Oliveira lembra que o sistema musculoesquelético é complexo e todo interligado, de forma que quaisquer dores nas costas, principalmente persistentes, devem ser avaliadas individualmente. “Às vezes, a pessoa acha que vai estalar e aliviar uma dor, quando, na verdade, não está ajudando em nada a resolver o problema de fato”, adverte, reconhecendo que, em geral, o ato não é um problema, mas, se for feito com muita força, pressão ou frequência, esse movimento pode causar desgastes, dor ou problemas mais severos, como as hérnias de disco. 

O ortopedista ainda ressalta que pacientes que estejam se recuperando de alguma lesão ou dor ou que sofram de algumas patologias, tais como anomalias na coluna ou no pescoço e osteoporose em grau avançado, devem evitar o hábito ilusoriamente relaxante de estalar a coluna. “O ideal – que é o que sempre falo com meus pacientes – é praticar alongamentos: eles são fundamentais para melhorar a qualidade de vida e a postura e evitar lesões. E, é claro, praticar atividades físicas regularmente, inclusive aquelas responsáveis pelo fortalecimento do core (conjunto da musculatura que fica na região central do nosso corpo, responsável por estabelecer todo equilíbrio e centro gravitacional), e ter uma dieta equilibrada”, conclui. 

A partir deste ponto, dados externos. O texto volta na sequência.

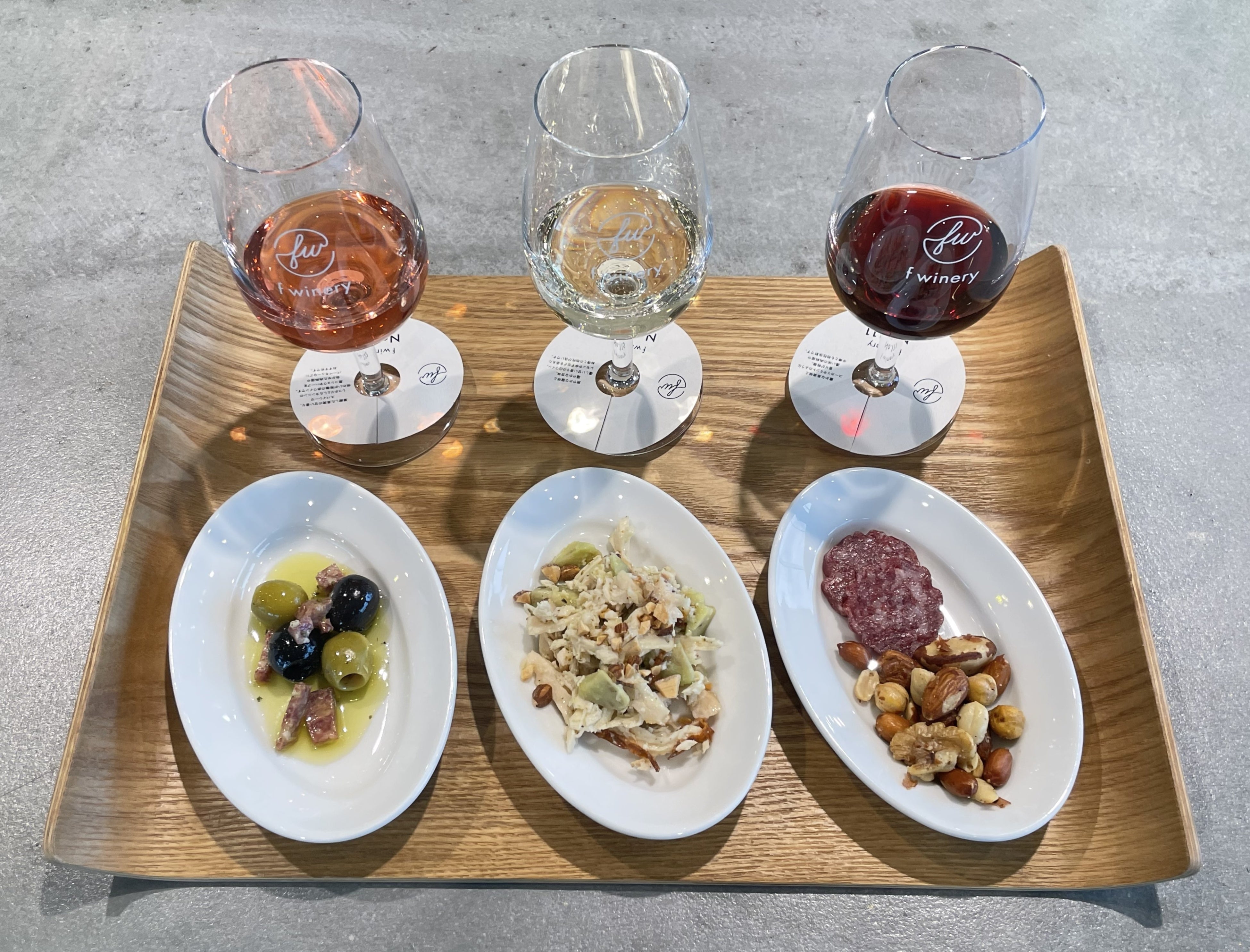 f wineryの店舗・スタンド(カフェ&バー)エリアで初提供する「樽出しf wineryNo.133神戸産メルロー〈ロゼ〉」と、「〈f wineryNo.117〉オーストラリア産コロンバール・白ワイン」、「〈f wineryNo.109〉オーストラリア産シラーズ・赤ワイン」を飲み比べることができます。※No.117とNo.109はボトル詰めワインです。
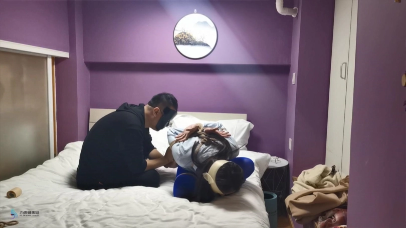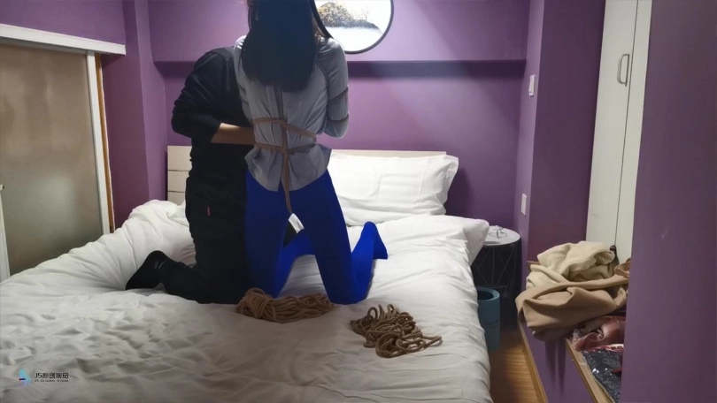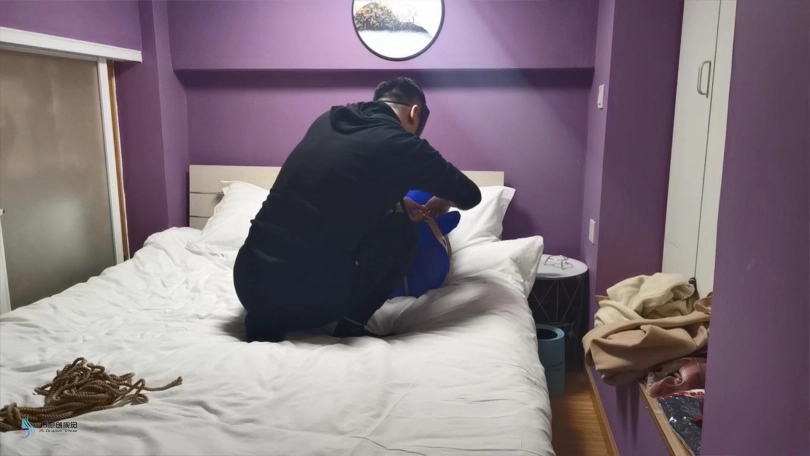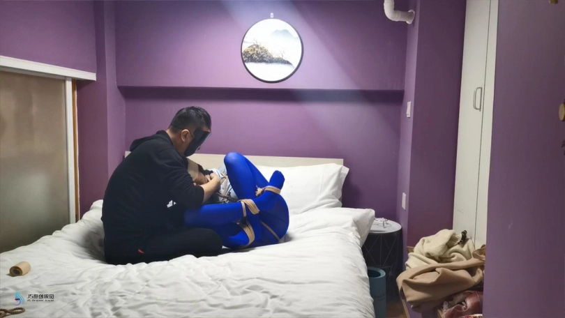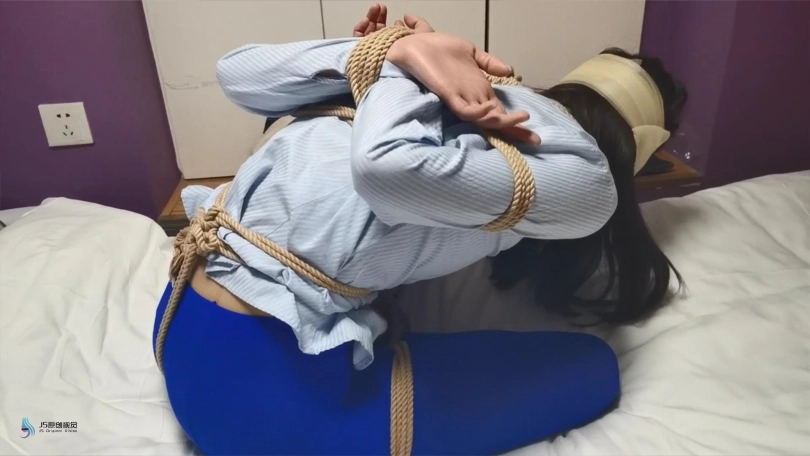› 【JS】采文 性感蓝丝+后高手+股绳+团缚+蒙眼+口球堵嘴+挠痒+玩足

No mesmo sentido, o fisioterapeuta Cristóvão Oliveira, fundador do Centro de Reabilitação C.O., reforça a importância do tão negligenciado alongamento para a saúde do corpo. “O estiramento das fibras musculares (famoso estica e puxa) ajuda a preparar o corpo para outras atividades físicas, prevenindo lesões e liberando possíveis tensões”, detalha. 

Comumente desprezadas nas academias de musculação, as sessões de alongamento são tão importantes quanto os treinos de força e aeróbios, garante o especialista. “O corpo precisa estar apto para diversos aspectos da vida. Ou seja, nós precisamos de força, agilidade, flexibilidade e mobilidade em equilíbrio para fazer nossos esportes preferidos e até para executar as tarefas mais corriqueiras, como se abaixar para pegar um objeto”, diz. 

“Dessa maneira, se os nossos músculos não forem alongados frequentemente, há um grande risco de ocorrer enfraquecimento e até mesmo ruptura deles. O alongamento é importante porque trabalha a flexibilidade muscular e articular, melhorando a amplitude dos movimentos corporais”, informa o fisioterapeuta. 

Contraindicações. Cristóvão Oliveira pondera que o alongamento, embora seja benéfico para a maior parte da população, não é indicado para casos de bloqueio ósseo, fratura recente, inflamação ou infecção nas partes do corpo envolvidas, presença de dor aguda ou mal-estar, integridade óssea, articular ou vascular comprometida, presença de hematomas ou traumatismos teciduais. 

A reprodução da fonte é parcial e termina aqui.